/---

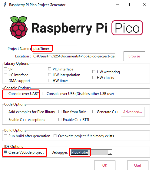 こちらの環境では C:\Users\m3925\Documents\Pico\pico-project-generator\picoTimer です。
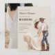 Celebrate your love with this stunning Western ranch wedding invitation, perfect for country and rustic-themed weddings. Featuring a romantic watercolor design of a bride and groom in cowboy hats with earthy tones and a timeless aesthetic, this invitation sets the tone for your big day. Ideal for outdoor weddings, barn celebrations, or rustic ranch venues, this design combines elegance with a touch of the Wild West. Fully customisable, you can easily personalise the details to match your wedding style.
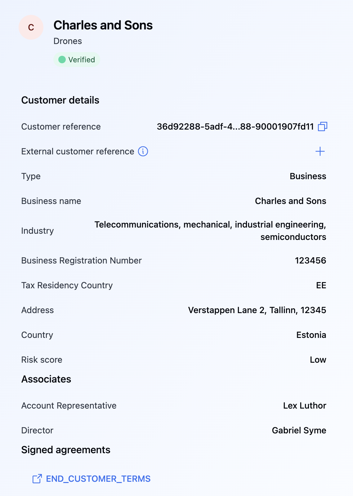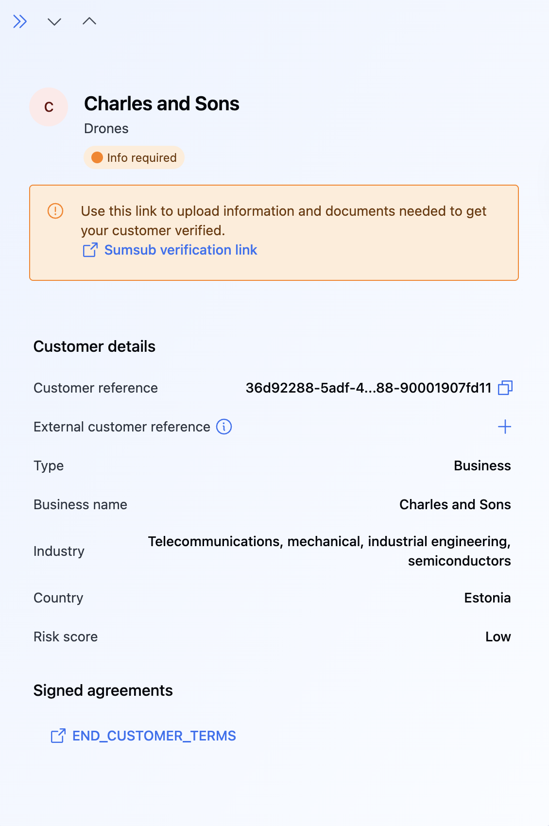referencefrom the signed agreement session and include it in the request payload as thesignedAgreementSessionReferencefield. This ensures the agreements are correctly linked and recognized in your new customer creation and onboarding. - Learn about required compliance documents for company and individual customers and add them for your customer.

\---

• **PROBLEM REQUIREMENTS**:
Go from the first line of the data above to the line containing "Celebrate your love" and retype exactly those lines, both included, but none of the pictures.

• **WORKED SOLUTION**:
 こちらの環境では C:\Users\m3925\Documents\Pico\pico-project-generator\picoTimer です。
 Celebrate your love with this stunning Western ranch wedding invitation, perfect for country and rustic-themed weddings. Featuring a romantic watercolor design of a bride and groom in cowboy hats with earthy tones and a timeless aesthetic, this invitation sets the tone for your big day. Ideal for outdoor weddings, barn celebrations, or rustic ranch venues, this design combines elegance with a touch of the Wild West. Fully customisable, you can easily personalise the details to match your wedding style.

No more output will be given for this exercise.